Dienstag, 12. Februar 2013

Pardé


© Berlinale

Ein Mann (Kamboziya Partovi) zieht sich mit seinem Hund in ein Haus am Meer zurück. Er verhängt die Fenster, denn niemand soll seine Anwesenheit bemerken. In der Isolation schreibt er ein Drehbuch. Eines Tages stößt eine junge, suizidgefährdete Frau (Maryam Moghadam) zu ihm, die nicht mehr gehen möchte. Wo kommt sie her? Was treibt sie an? Als wir gerade glauben, die Ereignisse auf der Leinwand zu verstehen, hebt Jafar Panahi seinen Film auf eine Metaebene und stiftet neue Verwirrung.

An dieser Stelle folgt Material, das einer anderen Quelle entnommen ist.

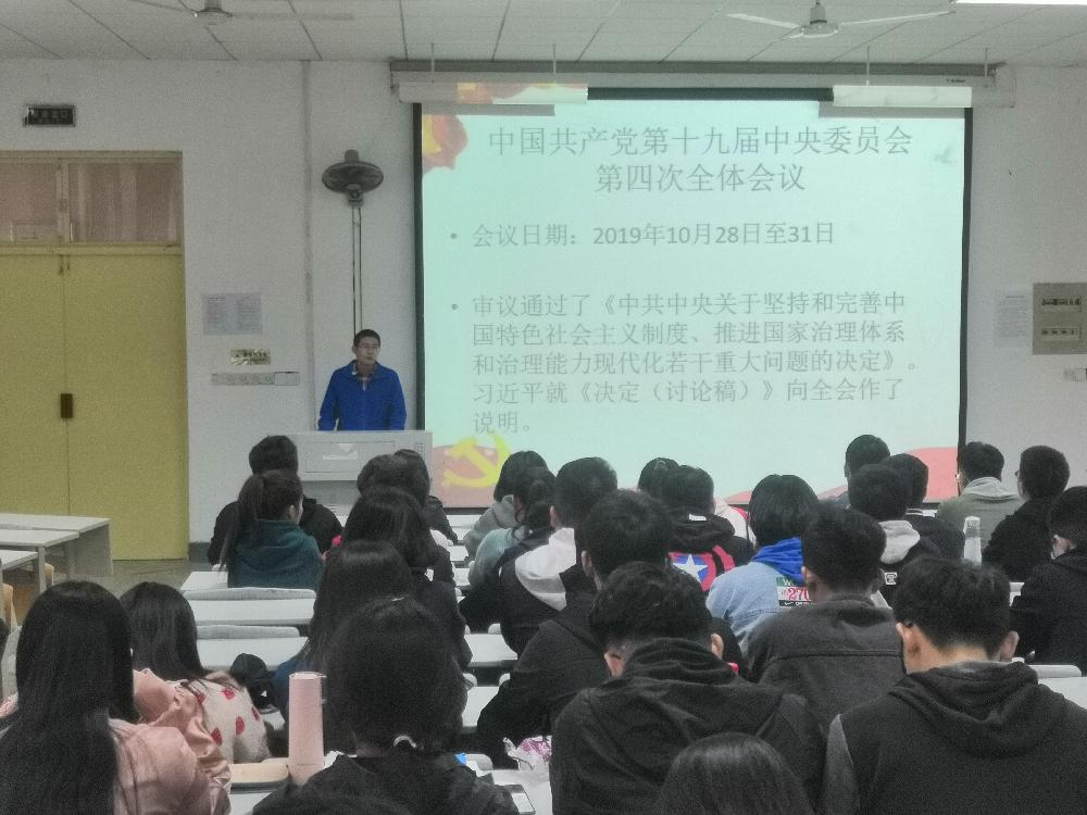 月6日下午,学院组织全体职工党员认真收听收看了中央电视台播放的中国共产党第十九届中央委员会第四次全体会议公报视频,学习《中共中央关于坚持和完善中国特色社会主义制度、推进国家治理体系和治理能力现代化若干重大问题的决定》和《决定》的说明。

Dass Pardé rational nicht zu erfassen ist, ist gewollt. Das Verständnis der Ereignisse ist meiner Meinung nach zum Verständnis des Films auch nicht notwendig. Die letzte halbe Stunde allerdings ebenso wenig. Auch ohne die Metaebene habe ich begriffen, dass es sich bei dem Mann, der sich in seinem Haus verbarrikadiert, um Jafar Panahi handelt, der im Iran unter Hausarrest steht und mit einem Berufsverbot bestraft wurde. Das Gefühl, eingesperrt zu sein, war für mich durch die Inszenierung sehr stark erfahrbar. Die Kamera verbleibt stets im Haus, schaut anfänglich noch durch vergitterte Fenster und Gardinen, verfolgt aber später nicht einmal mehr die Blicke des Protagonisten, wenn dieser die dunklen Vorhänge beiseite schiebt, um vorsichtig nach draußen zu schauen. Hierdurch einsteht ein Gefühl der Enge und Beklommenheit. Auch die suizidale Frau ist für mich irgendwie Jafar Panahi. Für sie ist Selbstmord der einzige Weg in die Freiheit und wie der Film zu einem späteren Zeitpunkt deutlich macht, hat auch Panahi diesen Ausweg schon einmal erwogen, dann jedoch verworfen. 

Dass der Film in der letzten halben Stunde eine Metaebene nach der anderen produziert, ist meines Erachtens für das Verständnis der Anspielungen unnötig. Vielleicht aber braucht es auch die hierdurch entstehende Verwirrung, damit der Zuschauer die Ereignisse nicht mehr rational zu begreifen versucht. Wie immer, wenn sich Metaebenen potenzieren, geht der Kontakt zur Ursprungsebene verloren. Irgendwann lässt sich einfach kein Sinn mehr generieren, weil es keine Basis mehr gibt, auf die wir uns beziehen könnten. Aber auch hierin steckt für mich ein Symptom der Depression, das ich ebenfalls auf Panahis Situation übertragen kann. 

Im Gegensatz zu einigen Kollegen, die ich nach der Vorführung sprach, hat mich der Film begeistert. Je länger ich darüber nachdenke, desto besser gefällt er mir. Das einzige, dass ich Jafar Panahi hier anlasten könnte, wäre, dass er am Ende vielleicht etwas zu dick aufträgt, sich selbst zu stark als Opfer eines politischen Systems in den Mittelpunkt stellt. Pardé ist eben ein sehr persönlicher Film. Aber das muss ja nichts Schlechtes sein, oder?!